Ar9av By Ar9av schedule Updated 6/13/2026

name: content-refinement-agent description: Step 5 of the PaperOrchestra pipeline (arXiv:2604.05018). Iteratively refine drafts/paper.tex by simulating peer review and applying targeted revisions, with strict accept/revert halt rules, deterministic 0-100 decision bands (Accept/Minor/Major/Reject) that drive a target-met early stop, and a Devil's Advocate concession-threshold guard that blocks acceptance on unresolved critical findings. Maintains a worklog and snapshots each iteration so revert is real, not symbolic. TRIGGER when the orchestrator delegates Step 5 or when the user asks to "refine the draft", "iterate on the paper", or "run peer review on this paper". data_access_level: verified_only

Content Refinement Agent (Step 5)

Faithful implementation of the Content Refinement Agent from PaperOrchestra (Song et al., 2026, arXiv:2604.05018, §4 Step 5, App. F.1 pp. 49–51).

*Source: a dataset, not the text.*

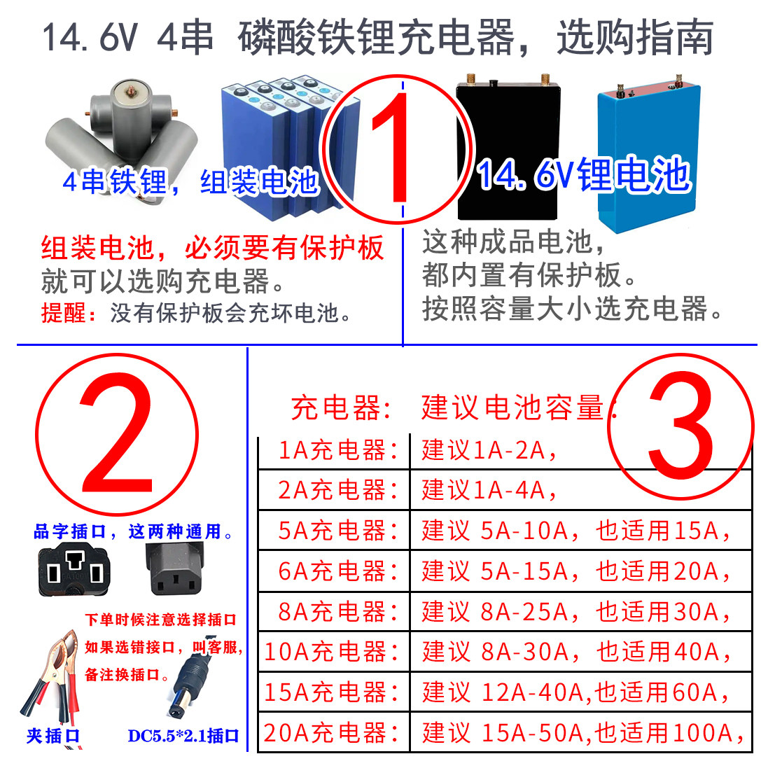 📚 14.6V磷酸铁锂充电器1A2A5A8A10A汽车启动应急电源dc5.5和夹子款

Cost: ~5–7 LLM calls (App. B), typically ~3 refinement iterations, each consisting of one reviewer call and one revision call.

The paper highlights this step as one of the largest contributors to overall quality: refinement alone accounts for +19% (CVPR) and +22% (ICLR) absolute acceptance-rate improvement (Fig. 4). Get this step right.

Inputs

  • workspace/drafts/paper.tex — output of Step 4
  • workspace/inputs/conference_guidelines.md
  • workspace/inputs/experimental_log.md — used as ground truth for the hallucination check
  • workspace/citation_pool.json / workspace/refs.bib — the allowed bibliography

Outputs

  • workspace/refinement/iter1/, iter2/, iter3/ — per-iteration snapshots containing paper.tex, paper.pdf, review.json, score.json
  • workspace/refinement/worklog.json — append-only history of decisions
  • workspace/final/paper.tex and workspace/final/paper.pdf — copy of the best accepted snapshot

The refinement loop

prev_score = score(paper.tex)                  # baseline from initial draft
snapshot iter0/

for iter in 1..ITER_CAP (default 3):
    1. simulate_review(paper.tex) → review.json
       (uses `references/reviewer-rubric.md` rubric)

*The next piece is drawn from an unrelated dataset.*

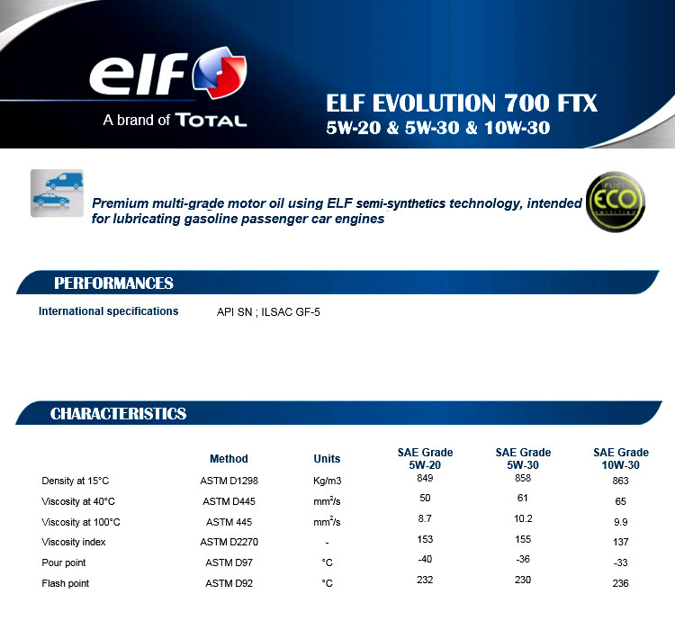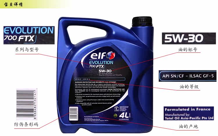 Оригинальный импортный эльф эльф OLFF 700 FTX 5W-30 GF-5 Полу-формация Моторное масло 4L

    2. apply_revision(paper.tex, review.json) → new_paper.tex
       (uses verbatim Refinement Agent prompt at `references/prompt.md`)

    3. snapshot iter<N>/ with new_paper.tex, review.json
       latexmk -pdf new_paper.tex → iter<N>/paper.pdf

    4. score(new_paper.tex) → curr_score

    5. decide via score_delta.py:
       - if curr.overall > prev.overall:                       ACCEPT
       - elif curr.overall == prev.overall and net_subaxis ≥0: ACCEPT
       - else:                                                 REVERT

    6. apply_worklog.py to append the decision

    7. if REVERT or no actionable weaknesses or iter == ITER_CAP: HALT

    paper.tex ← new_paper.tex   (only on ACCEPT)
    prev_score ← curr_score

cp <best iter>/paper.tex → workspace/final/paper.tex

The "best" snapshot at HALT is the one with the highest accepted overall score. On a REVERT halt, the best is the iteration immediately before the revert.

Step-by-step

0. Pre-refinement integrity gate

Before snapshotting or scoring the initial draft, run two gates in order:

Gate A — AI failure modes (load references/ai-failure-modes.md, runs once):

Load references/ai-failure-modes.md (which points to skills/shared/ai_failure_modes.md). Run all 7 checks against the draft and the inputs. This gate runs once only, at the start of iteration 1.

  • CONFIRMED failure → write HALT entry to worklog.json, report to user, stop.
  • SUSPECTED failure → add WARNING comment to paper.tex, log in worklog.json, continue.
  • No failures → proceed.

Gate B — Claim-evidence provenance (runs once, WARN gate):

python skills/paper-orchestra/scripts/claim_evidence_gate.py \
    --paper workspace/drafts/paper.tex \
    --log   workspace/inputs/experimental_log.md \
    --out   workspace/claim_evidence_report.json

Exit 0 → PASS, proceed normally. Exit 1 → WARN: unsupported numeric claims found. Log in worklog.json as: {gate: "claim_evidence", status: "WARN", unsupported_count: N, report: "workspace/claim_evidence_report.json"} Pass the unsupported list from the report to the revision agent in Step 3 as an additional instruction: "The following numeric values appear in the paper but cannot be corroborated in experimental_log.md — verify or remove them: ..." Do NOT halt on Gate B warnings; the revision agent will address them.

Gate C — Read research brief (every run, no exit code):

If workspace/research_brief.md exists, read it before all reviewer calls. Pass the "Sections where evidence was thin" list from §4 as additional context to the Devil's Advocate reviewer. This surfaces the highest-risk sections for CRITICAL scrutiny.

0b. Snapshot the initial draft

python skills/content-refinement-agent/scripts/snapshot.py \
    --src workspace/drafts/paper.tex \
    --dst workspace/refinement/iter0/

This creates iter0/paper.tex. Then compile to iter0/paper.pdf:

cd workspace/refinement/iter0/ && latexmk -pdf -interaction=nonstopmode paper.tex

Score it (see Step 1 below) → iter0/score.json.

1. Simulate peer review

For each iteration N starting from 1:

Writing quality pre-check (start of every iteration): Load references/writing-quality-check.md and run the 5-category checklist (Categories A–E) against the current draft. Note violations and add them to the revision agenda.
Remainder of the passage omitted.